DATA SHOWN:
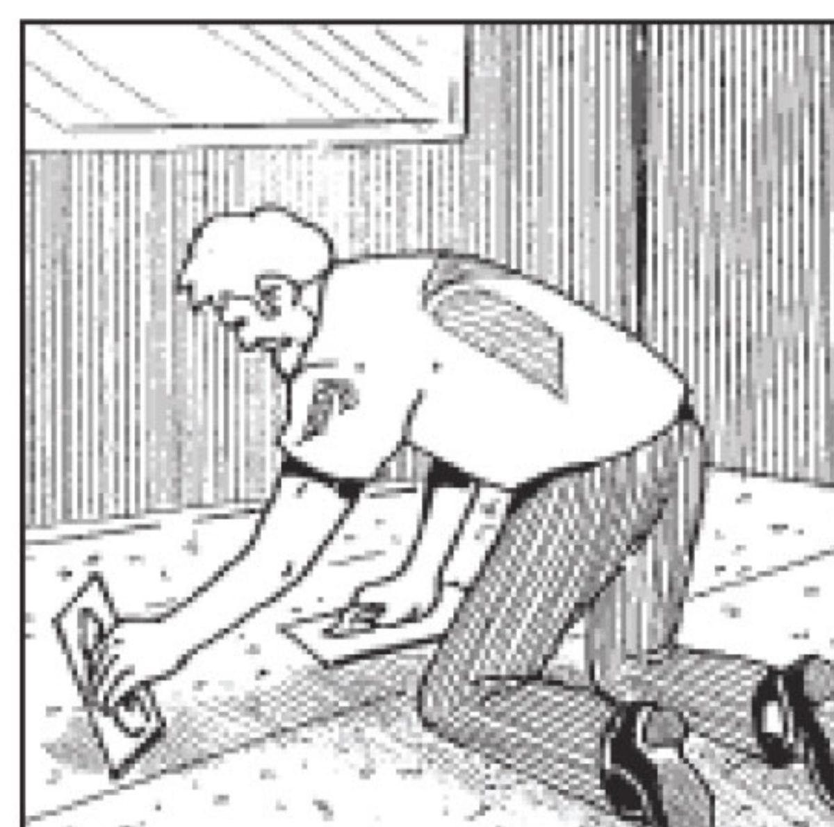
5. Roll using 100 lb. roller & eliminate all air bubbles

NOTE: Product, adhesive and floor must be at 68° Fahrenheit for 48 hours before installation. Clean all excess glue when wet. Keep all traffic off for 48 hours. Inspect rolls BEFORE installation. Do NOT install material with visual defects
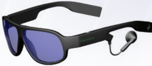
● Shenzhen Yizhixiu Technology Co., Ltd. 3B-D19
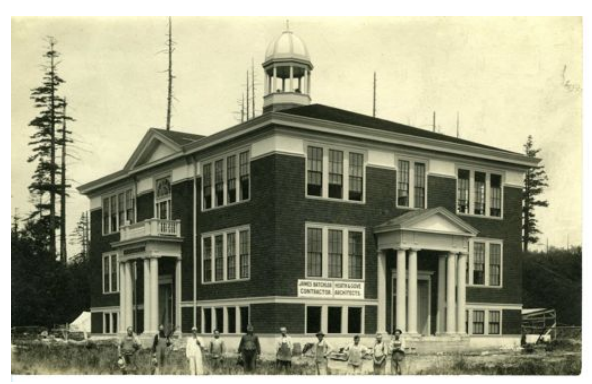
Vashon High School under construction

TASK BRIEF: Your copy should hold only the lines running from the one that contains "NOTE: Product, adhesive" through the final line of the data; transcribe them exactly, both ends included, and leave pictures out.

WRITTEN ANSWER:
NOTE: Product, adhesive and floor must be at 68° Fahrenheit for 48 hours before installation. Clean all excess glue when wet. Keep all traffic off for 48 hours. Inspect rolls BEFORE installation. Do NOT install material with visual defects
● Shenzhen Yizhixiu Technology Co., Ltd. 3B-D19
Vashon High School under construction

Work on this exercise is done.